Taking an idea from Culham, I had Aarohi and Andy each write a chronological list of what was happening or would happen in their story as a way to focus on the important points of the story and leave out details that didn’t matter to the telling of the story.  If you have Culham’s book, 6+1 Traits of Writing, I borrowed this from her idea on page 62 “My Scary Night”.  For Andy, I had him write a list of things he likes to do, to eat, to watch, to play, to talk about.  I asked him to choose something from his list as a starting point for an idea because when you can’t come up with an idea easily, the best thing to do is to write about what you know or love.  He decided he would write about Minecraft.  Ack! I know nothing about Minecraft so I was of no help at all when it came to understanding the story.  Thankfully, Mitch saved me this week and took over Andy’s mentorship.  Mitch can speak Minecraft.  I’m still in the MLD class. 

We ended our session last week with a way forward.  Each student was to keep working on their chronological outline and start writing their story (or, for Andy, take out parts that didn’t make sense in his outline).

I feel like we are making progress.  The Culham book is really giving me a focus when we meet and some specific strategies to try with my student writers.

Mentoring student writers

For the last two classes of my Writing Across the Curriculum class, we have been mentoring student writers at Hawthorne Public School, where I am doing my placement and practica.

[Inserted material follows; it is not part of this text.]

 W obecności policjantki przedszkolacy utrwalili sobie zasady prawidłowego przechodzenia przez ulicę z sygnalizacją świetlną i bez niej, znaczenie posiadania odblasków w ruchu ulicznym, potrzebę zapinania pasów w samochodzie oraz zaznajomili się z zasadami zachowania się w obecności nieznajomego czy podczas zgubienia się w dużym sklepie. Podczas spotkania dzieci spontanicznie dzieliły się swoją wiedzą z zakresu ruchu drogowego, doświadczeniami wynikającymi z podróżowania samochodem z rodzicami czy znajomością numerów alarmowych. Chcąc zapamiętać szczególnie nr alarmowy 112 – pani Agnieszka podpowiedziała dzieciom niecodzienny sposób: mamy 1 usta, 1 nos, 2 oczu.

I am working with three of my Grade 5/6 students from my fall practicum.

During our first time together as mentor and mentees, I had them each write a poem and I participated as well.  They were to write nine lines, without using the word “writing” and were to title their poem “The Beauty of Writing” or “The Trouble with Writing”.  I adopted this idea (“leveraged” if you are using Government of Canada speak) from Deanna Young, a professional poet who visited our class at UofO.  I’m sure she would be happy with me leveraging her idea, since she is also an employee of the GoC and must fully understand the common practice of leveraging.

We realized after sitting there for quite some time that these students needed fewer lines so we lifted the requirement of nine lines to take the pressure off.

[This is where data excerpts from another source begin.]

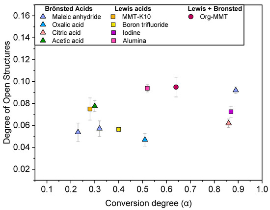 First, the role of the acidic initiator on the furan ring opening was studied by comparing Brönsted initiators, such as citric acid, oxalic acid, and acetic acid, with Lewis initiators, such as boron trifluoride, iodine, alumina, or montmorillonite K10 (MMT-K10). Most have already been used in the past [33,34,35]. A Brönsted superacid, such as trifluoromethanesulfonic acid, as well as initiators combining the two acidities such as cation exchanged montmorillonite with alkyl-ammonium, were also employed. Indeed, cation exchanged montmorillonite (Org-MMT) displays a dual acidity which, as highlighted by Zavaglia et al. [34], leads to an acceleration of the FA polymerization rate. Therefore, the dual acidity of Org-MMT might arguably affect the ring opening occurring during polymerization. The effect of additional water on the ring opening was investigated as well.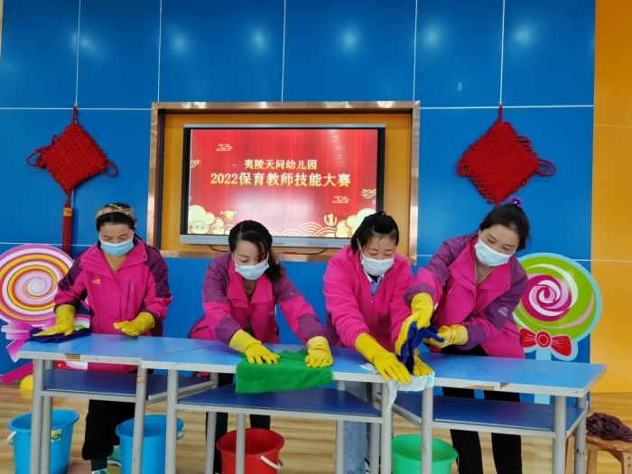 为了不断提高幼儿园保教质量,提升保育员的工作技能和综合素质,树立科学的保育观,促进幼儿一日生活管理科学化、规范化、精细化,真正做到“保教结合,教养并重”,夷陵天问幼儿园开展了“展技能,亮风采,促规范”保育老师技能大赛。本次保育员技能比赛采用理论与实践相结合的形式, 比赛内容由“理论知识测试”和“实际操作”二个部分组成。让我们跟随“镜头”一睹她们的风采吧。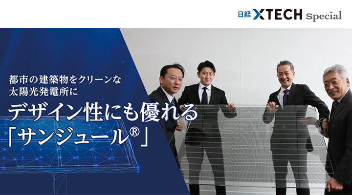 サンジュールは建材一体型の太陽光発電ガラス(BIPV)です。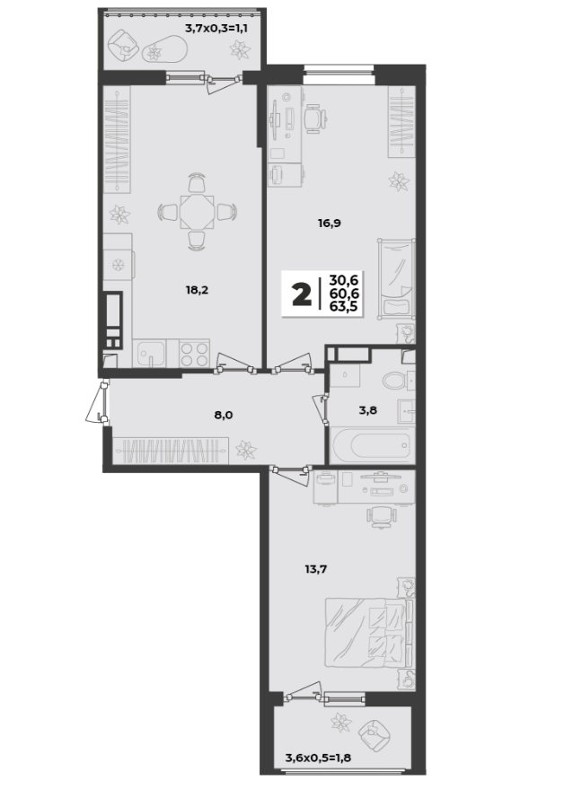 Продается 2-х комн. новостройка, 63.5 кв.м., 7/8 эт

Here are the poems that my students wrote:

The Trouble with Writing by Kevin
I hate to write/It is so annoying and painful to see my mark/I want to rip up my mark/The words are very boring/I hate “dead words”/I hate to write.

The Beauty of Writing by Aarohi
A way of expressing feelings such as/depression/happiness/fear/anger etc/A way to put feelings onto paper/Writer’s block is like a block in front of your thinking capacity/if you have an idea it breaks through the block/that’s the beauty of writing.

The Beauty of Writing by Andy
I enjoy watching my fingers dance across the keyboard/I love watching a story being created word by word/I take pleasure in waiting for the mark that I will receive knowing/that I got good marks/how I love the beauty of writing.